# Record set
- Opening Delimiter -

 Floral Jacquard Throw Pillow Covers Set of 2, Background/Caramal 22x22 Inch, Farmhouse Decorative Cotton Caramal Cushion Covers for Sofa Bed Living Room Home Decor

- Closing Delimiter -
- Opening Delimiter -

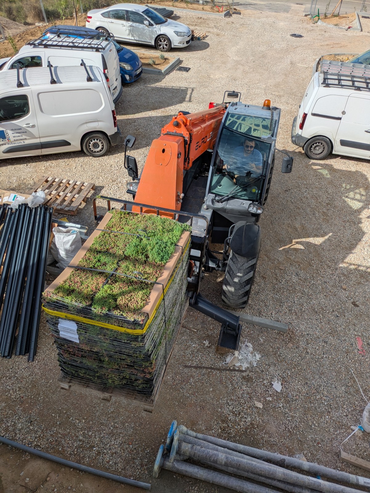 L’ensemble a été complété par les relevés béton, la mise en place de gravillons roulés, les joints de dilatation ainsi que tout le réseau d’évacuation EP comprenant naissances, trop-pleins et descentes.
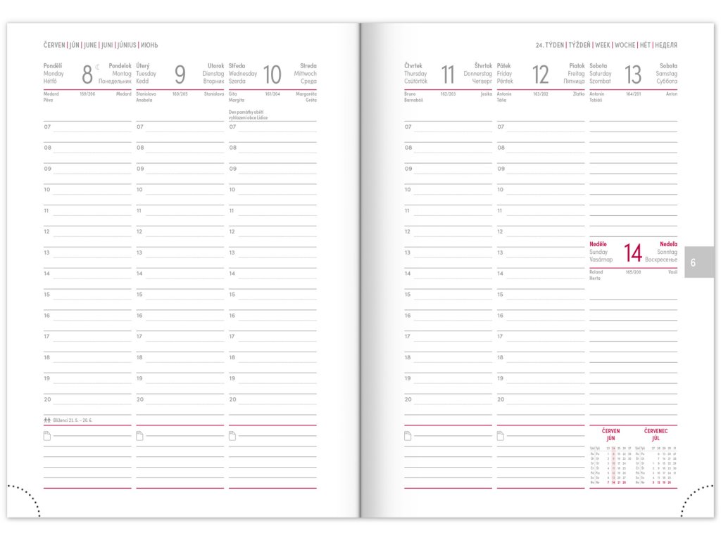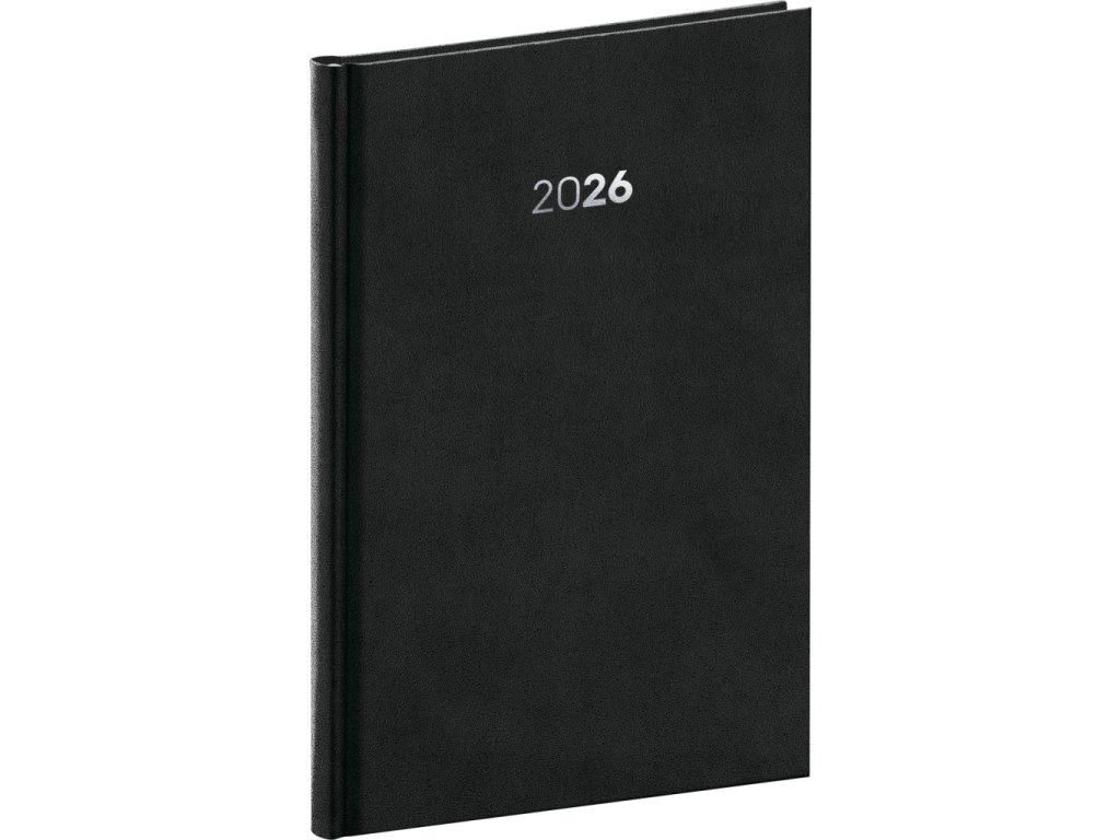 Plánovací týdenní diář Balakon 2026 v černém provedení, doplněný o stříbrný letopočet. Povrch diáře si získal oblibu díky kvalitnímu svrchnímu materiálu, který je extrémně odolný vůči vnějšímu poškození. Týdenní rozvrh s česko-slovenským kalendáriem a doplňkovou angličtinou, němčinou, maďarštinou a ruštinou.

- Closing Delimiter -
- Opening Delimiter -

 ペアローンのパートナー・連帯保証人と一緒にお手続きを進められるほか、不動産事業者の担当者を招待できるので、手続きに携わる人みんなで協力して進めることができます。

- Closing Delimiter -

Look above and copy only the lines from the one holding "L’ensemble a été" to the one holding "Plánovací týdenní diář", both included, exactly, minus the pictures.

# Exercise solution
 L’ensemble a été complété par les relevés béton, la mise en place de gravillons roulés, les joints de dilatation ainsi que tout le réseau d’évacuation EP comprenant naissances, trop-pleins et descentes.
 Plánovací týdenní diář Balakon 2026 v černém provedení, doplněný o stříbrný letopočet. Povrch diáře si získal oblibu díky kvalitnímu svrchnímu materiálu, který je extrémně odolný vůči vnějšímu poškození. Týdenní rozvrh s česko-slovenským kalendáriem a doplňkovou angličtinou, němčinou, maďarštinou a ruštinou.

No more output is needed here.